Information shown ->
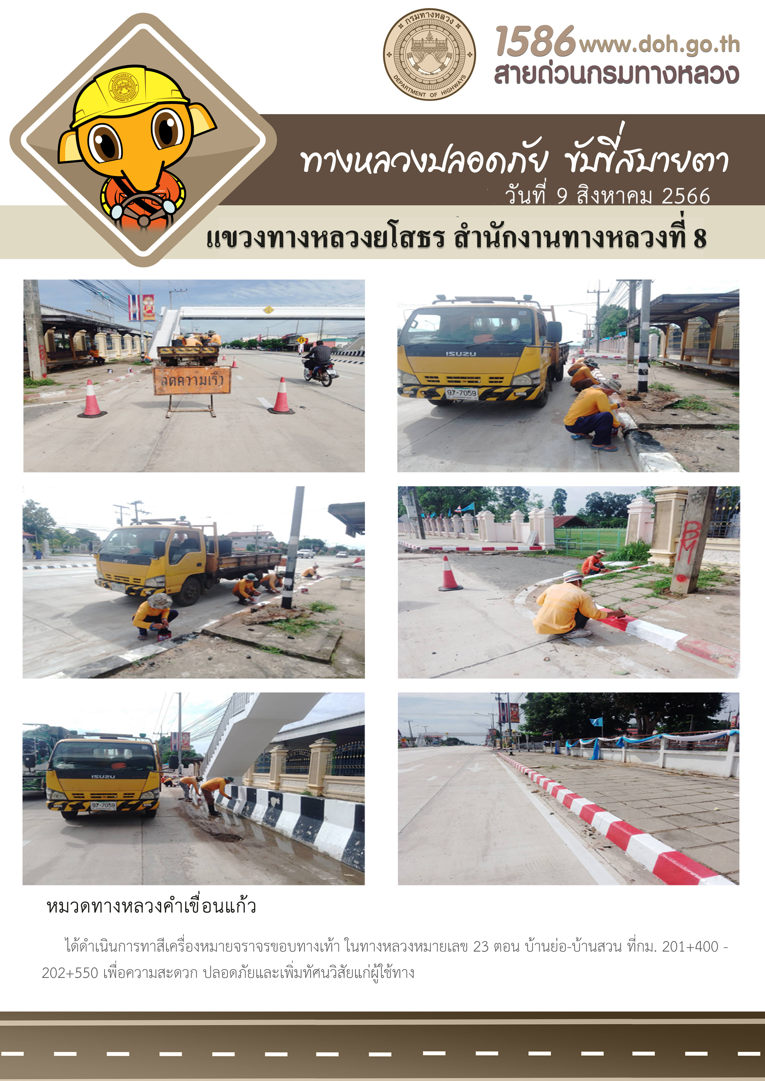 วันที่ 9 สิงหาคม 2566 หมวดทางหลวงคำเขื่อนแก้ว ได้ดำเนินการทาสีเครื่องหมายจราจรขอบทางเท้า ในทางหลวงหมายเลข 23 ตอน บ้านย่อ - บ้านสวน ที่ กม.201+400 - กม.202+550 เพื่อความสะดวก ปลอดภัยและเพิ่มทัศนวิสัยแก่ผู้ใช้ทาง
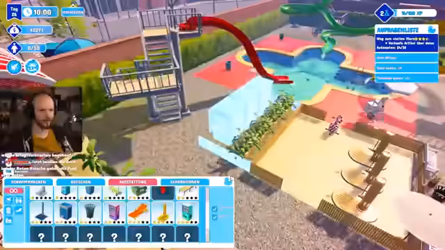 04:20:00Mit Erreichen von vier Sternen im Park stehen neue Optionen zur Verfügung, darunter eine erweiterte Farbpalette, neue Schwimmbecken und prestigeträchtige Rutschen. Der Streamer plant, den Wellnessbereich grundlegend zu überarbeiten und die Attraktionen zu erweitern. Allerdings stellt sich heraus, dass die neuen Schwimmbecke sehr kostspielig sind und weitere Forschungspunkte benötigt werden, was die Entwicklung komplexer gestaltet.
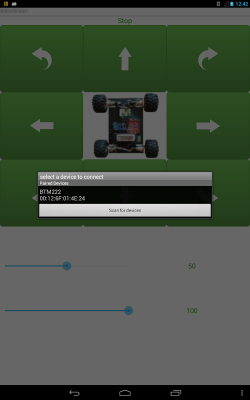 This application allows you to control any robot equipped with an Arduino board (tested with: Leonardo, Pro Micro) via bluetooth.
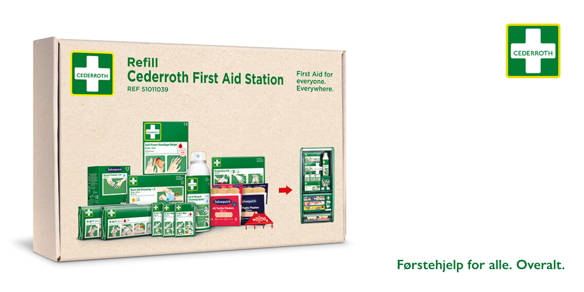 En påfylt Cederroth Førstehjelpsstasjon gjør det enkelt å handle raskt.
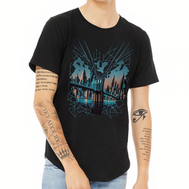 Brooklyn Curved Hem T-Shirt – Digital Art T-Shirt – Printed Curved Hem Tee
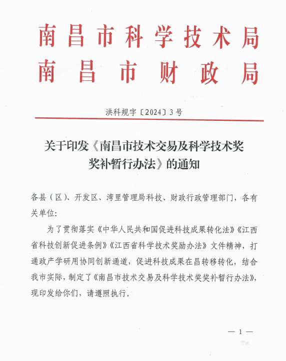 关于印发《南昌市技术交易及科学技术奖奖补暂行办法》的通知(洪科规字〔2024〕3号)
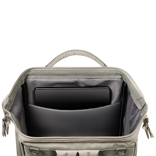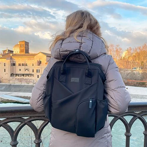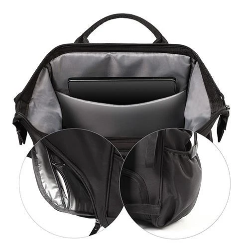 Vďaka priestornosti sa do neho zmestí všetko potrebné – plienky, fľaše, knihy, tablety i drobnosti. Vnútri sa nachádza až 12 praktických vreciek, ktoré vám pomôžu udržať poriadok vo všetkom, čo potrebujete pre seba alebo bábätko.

==

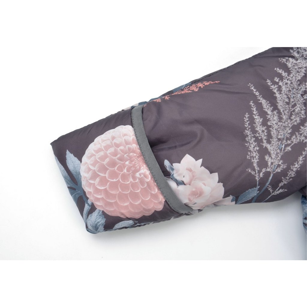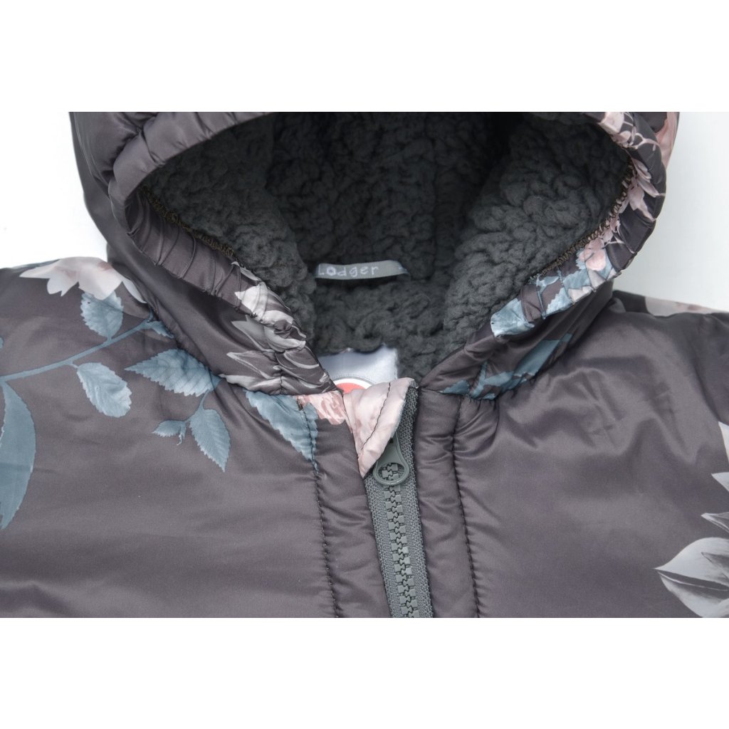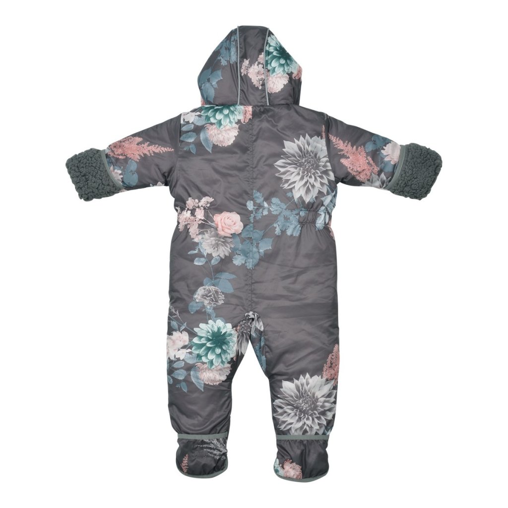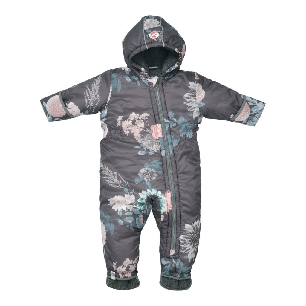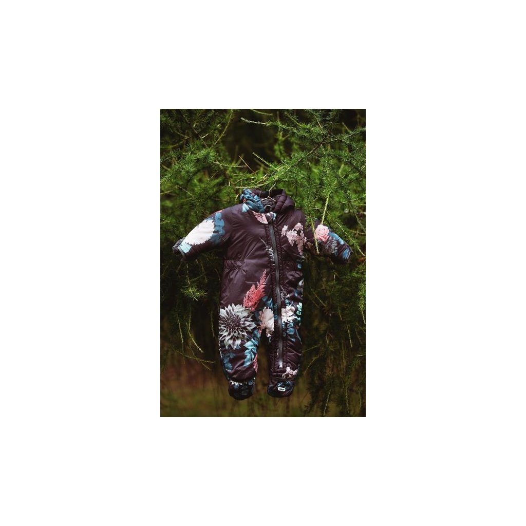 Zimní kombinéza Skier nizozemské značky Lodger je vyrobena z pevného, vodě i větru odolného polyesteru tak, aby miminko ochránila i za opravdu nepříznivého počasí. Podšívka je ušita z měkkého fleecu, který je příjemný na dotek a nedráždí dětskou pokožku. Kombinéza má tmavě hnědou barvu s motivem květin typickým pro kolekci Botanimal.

--

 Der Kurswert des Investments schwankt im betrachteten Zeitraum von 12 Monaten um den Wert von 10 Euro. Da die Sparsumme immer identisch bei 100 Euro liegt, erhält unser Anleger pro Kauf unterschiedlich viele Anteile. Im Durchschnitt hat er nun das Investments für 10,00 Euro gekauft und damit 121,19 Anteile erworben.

Your task -> In the records above, find the line with "关于印发《南昌市技术交易及科" and the line with "Vďaka priestornosti sa". Write out exactly those lines and every one between, with no pictures and no other lines.

Task answer ->
 关于印发《南昌市技术交易及科学技术奖奖补暂行办法》的通知(洪科规字〔2024〕3号)
 Vďaka priestornosti sa do neho zmestí všetko potrebné – plienky, fľaše, knihy, tablety i drobnosti. Vnútri sa nachádza až 12 praktických vreciek, ktoré vám pomôžu udržať poriadok vo všetkom, čo potrebujete pre seba alebo bábätko.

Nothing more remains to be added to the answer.